Thank you. The trick, if Variable is empty by checking their lenght works!
1

toolic has already given the correct answer, but I wanted to throw in some beginner advice.

Your code can be condensed down to this:

use strict;
use warnings;   # always use these two pragmas

print "Input: ";
chomp (my $input_line = <>);
print "Your input was: '$input_line'\n";
if (length $input_line == 0) {
    print "You have typed nothing!\n";
}
  • Remove initialization and pre-assigning "". No $input = ""
  • Variables are already empty when created, and even so, when you assign to them, any previous content is deleted.
print "Input: ";                   # extra space to make it look nicer
chomp (my $input_line = <>);       # chomp can be used directly on init and assignment
  • Instead of <STDIN> we can use <>, which chooses either STDIN, or file input as necessary
print "Your input was: '$input_line'\n";
  • You don't need a new print for \n, nor a new quote for a variable
  • Variables don't need to be quoted
  • Adding '' around the variable shows more context, especially with space and empty string
  • You can also use say, which adds a newline to print.

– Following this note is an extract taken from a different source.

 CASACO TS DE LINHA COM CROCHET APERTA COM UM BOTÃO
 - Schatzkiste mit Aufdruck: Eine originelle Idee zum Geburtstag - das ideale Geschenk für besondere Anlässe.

Enable with:
use feature 'say';
say "Your input was: $input";   # no \n needed

A very good module for debugging is Data::Dumper. It is a core module, so no installation required. It will show you the content of a variable

use Data::Dumper;
print Dumper $input_line;
# Will print: $VAR1 = '';

While the below is a good solution for normal answers:

if (length($input_line) == 0) {
    print "You have typed nothing!\n";
}

What if someone answers with a space (not empty), or you forget to add chomp? You can for example be more specific by using a regex:

if ($input !~ /\S/)         # no non-whitespace
if ($input !~ /^[abcd]+$/)  # contains something other than what you need, e.g. abcd
if ($input =~ /[^abcd]/)    # alternative phrasing

A few examples for more studies. Good luck!

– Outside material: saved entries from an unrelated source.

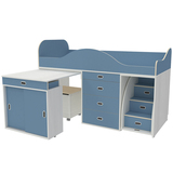 Кровать чердак Малыш Люкс - удобная кроватка, вместительный комод, выдвижной столик с ящиком и торцевым шкафом, а также удобная банкетка. Ящик для игрушек может использоваться как пуфик, он может выполнять функцию стульчика с мягким сидением в виде открывающейся крышки обтянутой практичной винилис кожей. Торцевой выдвижной ящик с разделителем секций для разнообразных мелочей. В передней части стола встроен вместительный шкафчик-купе с раздвижными дверцами. В верхнюю часть комода добавлен широкий и практичный ящик для письменных принадлежностей. На всех фасадах используются удобные пластиковые врезные ручки. Все выдвижные ящики на шариковых направляющих полного выдвижения. На цветных фасадах светло-бежевая кромка. Модель универсальна - сторона определяется при сборке. Матрасы в комплект не входят - приобретаются отдельно.Характеристики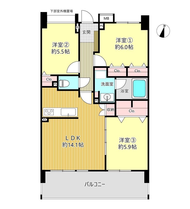 | 主要採光 | 南向 | バルコニー | 南向12.60㎡ |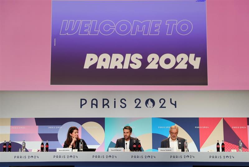 7月21日,巴黎奥组委主席托尼·埃斯坦盖(中)在发布会上发言。新华社记者 王东震 摄

As ikegami says, it is possible to enter eof only to the program (by for example pressing Ctrl-D (unix) or Ctrl-Z (win) at the prompt), causing readline to return undef to the input variable. In which case the program issues a few undefined warnings for the different operations. To resolve this, you could change your input readline chomp (my $input.... to:

my $input_line = <>;
if (! defined $input_line) {
    die "Input required.";
}
chomp $input_line;

Which is a bit more complicated, but will prevent warnings for this edge case.

3 Comments

You addressed the situation where a LF is provided. This should also be handled. But you don't handle empty input. Your program warns three times when provided an empty input.
@ikegami I take it you mean if someone entered Ctrl-D (Ctrl-Z windows), making the input variable undef? I suppose that is an exception to handle, but then we may be leaving the scope of the original question. It is possible to handle with for example $input //= ''.
Or redirecting from an empty file, etc.